TASK OBJECTIVE.
Lines from the one with "PTO cơ khí lắp" through the end of the records, and no others, are what the answer should contain, copied exactly; please keep pictures out.

RECORD EXCERPTS.
*** Block opens ***

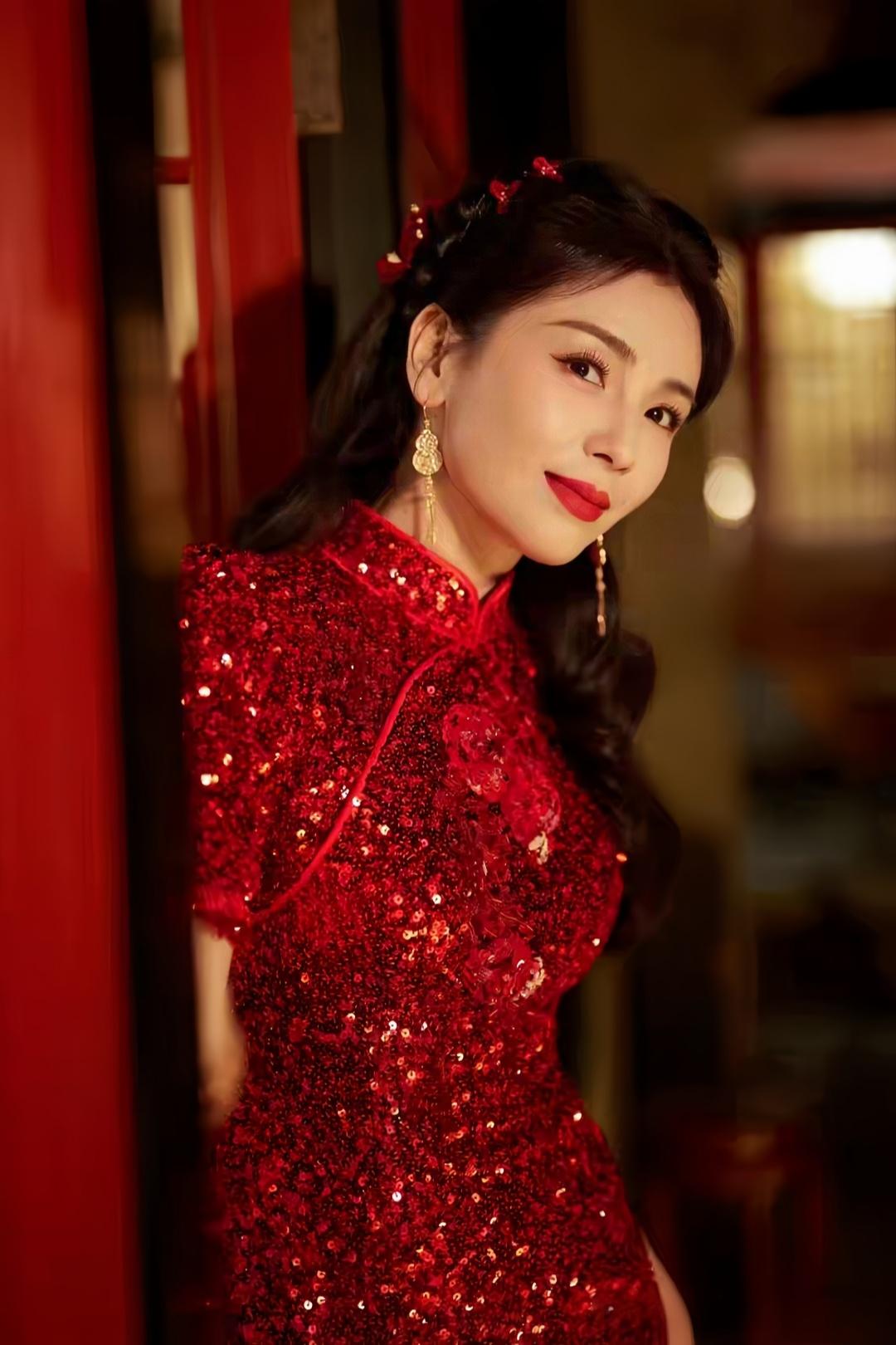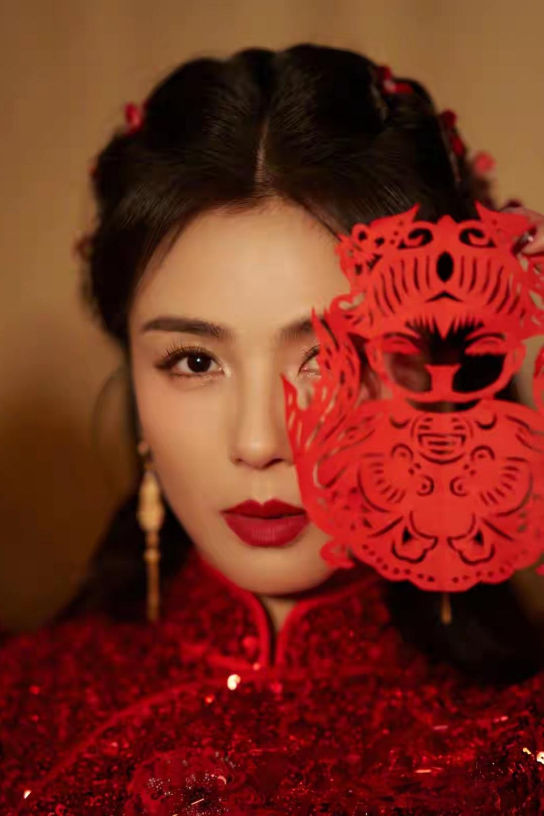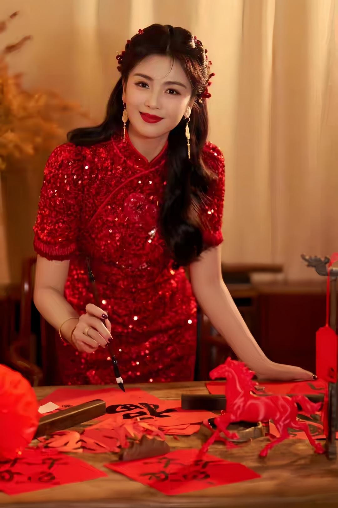 刘涛中式旗袍映衬东方韵,造型温婉动人,锦绣霓裳迎马年。
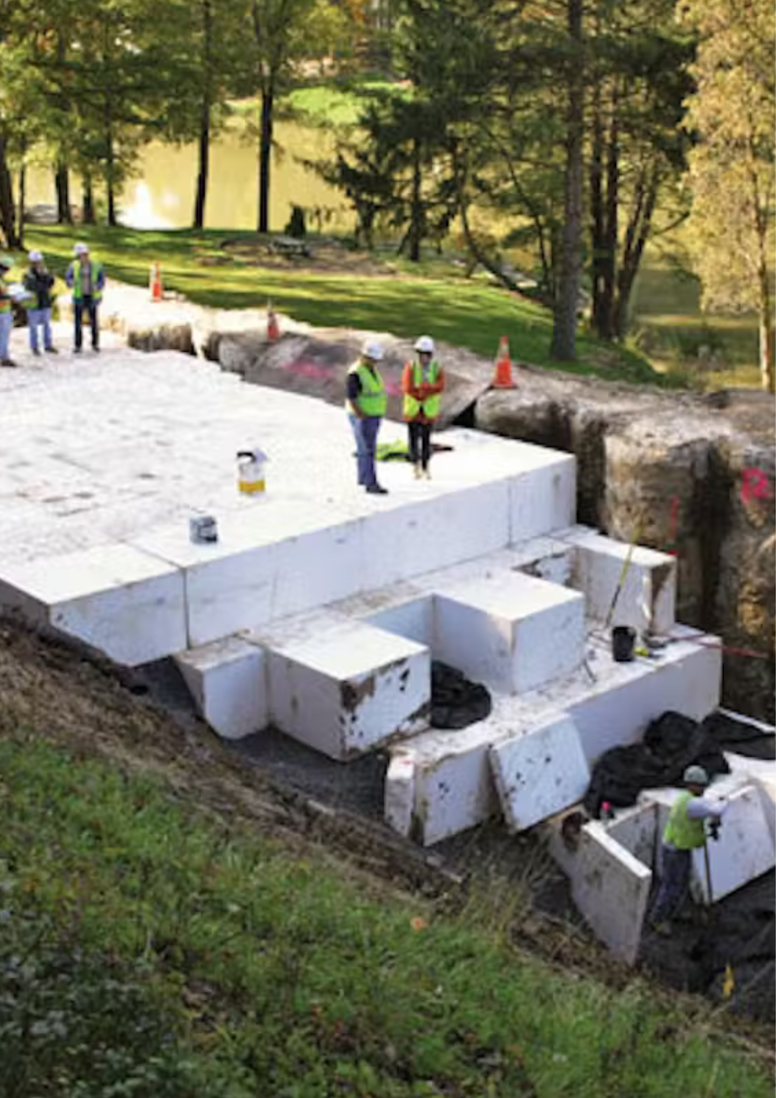 Large EPS blocks used in construction for lightweight fill, embankments, slope stabilization, and roadwork.
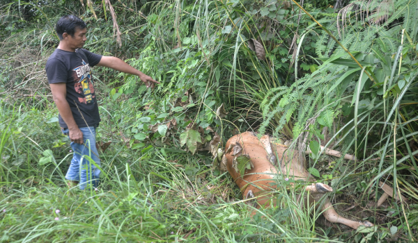 “Lembu ini bunting. Kecederaan di leher dan dimakan. selama ini ada kesan tapak kaki tetapi atas bukit. Cuma kita takut sekiranya Jabatan Perlindungan Hidupan Liar dan Taman Negara (Perhilitan) tidak bertindak semakin banyak lembu mati,” katanya.
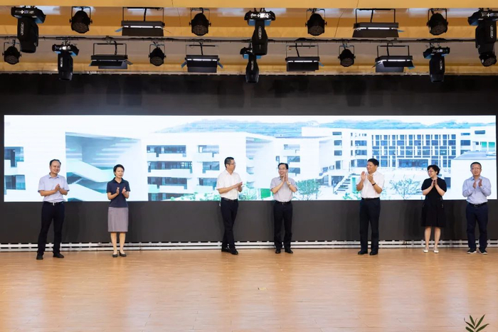 ▲ 栖霞区政府、南京经开区管委会、南外仙林分校、南京华侨城公司等领导共同开启智慧大门。
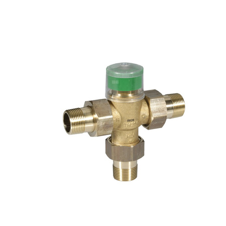 Bardzo czuły element termiczny umieszczony na wejściu zaworu steruje trzpieniem regulującym proporcje przepływu gorącej i zimnej wody, tak aby wymieszana woda miała temperaturę wybraną na pokrętle nastawczym. Na wejściach zimnej i gorącej wody zastosowano miękkie uszczelnienie umożliwiające:
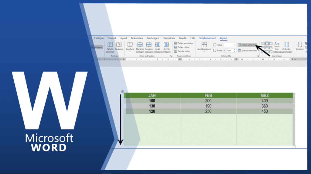Soll die Spaltenbreite bzw. Zeilenhöhe gleichmäßig für alle Zellen ausgerichtet sein, dann markieren Sie Ihre Zellen und richten Sie sie über die Schaltfläche ZEILEN VERTEILEN bzw. SPALTEN VERTEILEN aus.
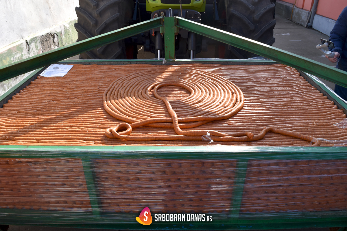 Branislav Stankov, predsednik Udruženja Kobasicijada, otkrio nam je ugrubo recept za pravljenje grdosije u svetu kobasičarstva, a ko je u mogućnosti može da pokuša taj recept da iskoristi. “Ove godine napravili smo rekordno dugu kobasicu, 2.037 metara, za koju je utrošeno oko dve tone mesa, dvadeset kilograma slatke paprike i pet kilograma ljute, po šest kilograma bibera i belog luka i 40 kilograma soli. Ipak smo uspeli da je i ove godine napravimo, uz pomoć predsednika Opštine Srbobran, i tako nastavimo tradiciju. Podelićemo je u humanitarne svrhe, dok smo ranijih godina gostovali po gradovima, pozivali ljude na našu manifestaciju i delili kobasice, a ove godine smo odlučili da celu kobasicu podelimo”, rekao je Branislav Stankov.
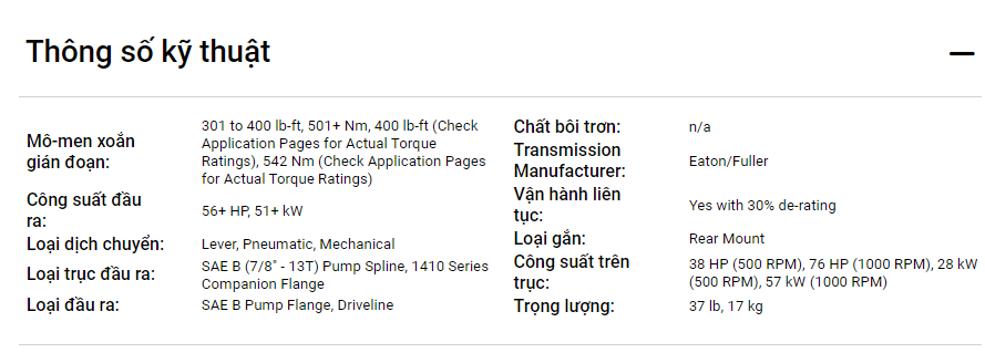 PTO cơ khí lắp sau dòng 541 - Hệ thống truyền động cơ học
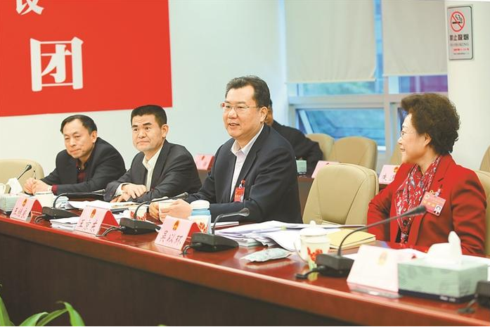 ▲在市六届人大六次会议分组讨论中,王京东就推进深圳海洋事业发展建言献策。深圳晚报记者 余海洪摄
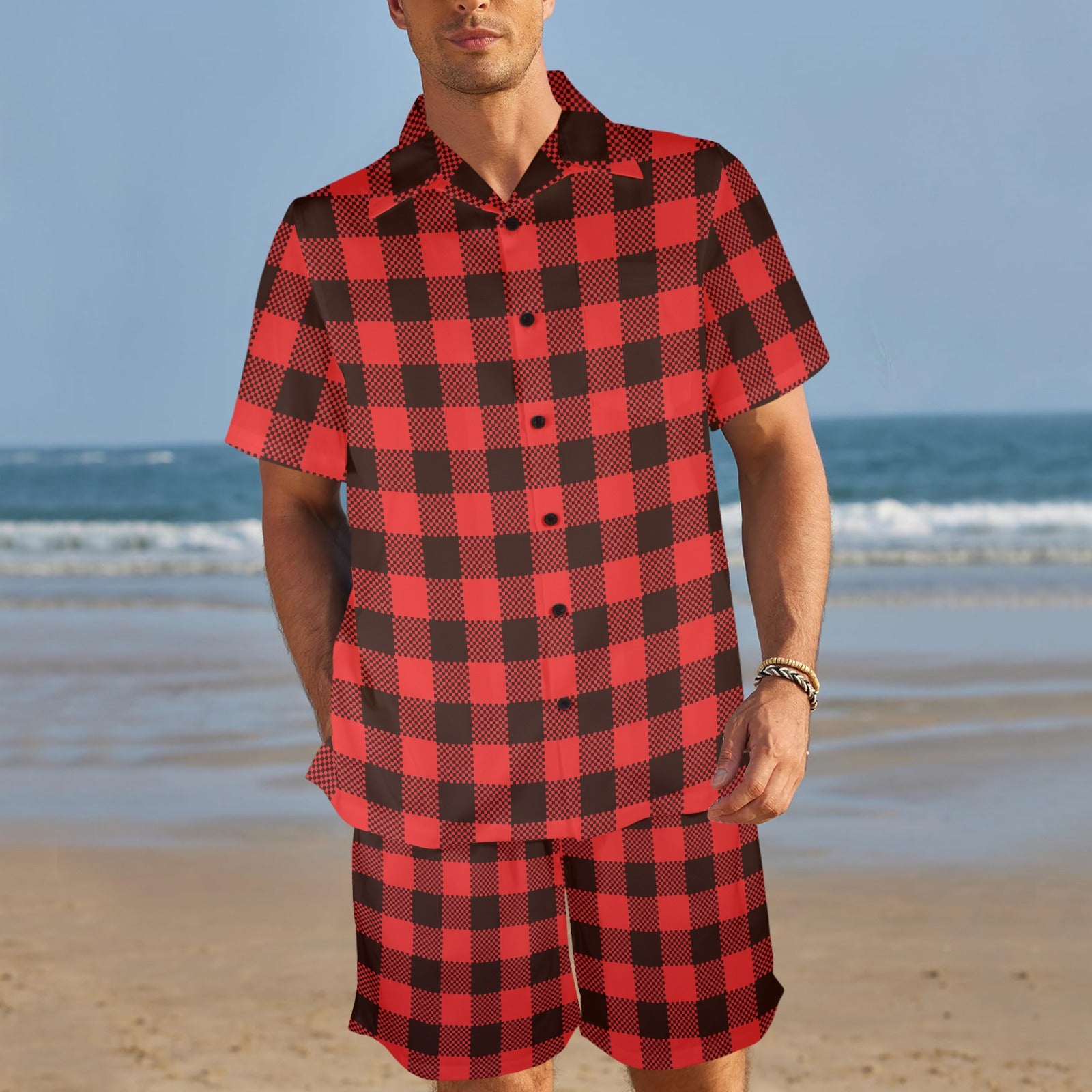Buffalo check Red Pattern Print Design 05 Men's Beach Shirt and Shorts Set. It is hand-cut and sewn just for your order! This process starts as soon as your order is placed and may have a processing time of 5-9 business days before it ships.
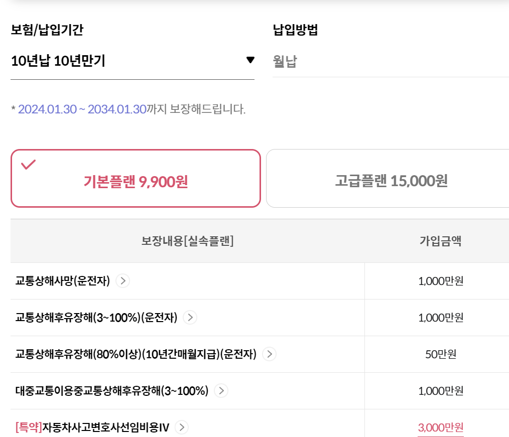 기본 플랜과 고급 플랜의 차이는 보장내용 및 보장금액에 따라 조금씩 차이가 있으며 보험료 조회는 직접 해보시는 것이 가장 좋습니다.

*** Block closes ***

OUTPUT FOR THIS TASK.
 PTO cơ khí lắp sau dòng 541 - Hệ thống truyền động cơ học
 ▲在市六届人大六次会议分组讨论中,王京东就推进深圳海洋事业发展建言献策。深圳晚报记者 余海洪摄
Buffalo check Red Pattern Print Design 05 Men's Beach Shirt and Shorts Set. It is hand-cut and sewn just for your order! This process starts as soon as your order is placed and may have a processing time of 5-9 business days before it ships.
 기본 플랜과 고급 플랜의 차이는 보장내용 및 보장금액에 따라 조금씩 차이가 있으며 보험료 조회는 직접 해보시는 것이 가장 좋습니다.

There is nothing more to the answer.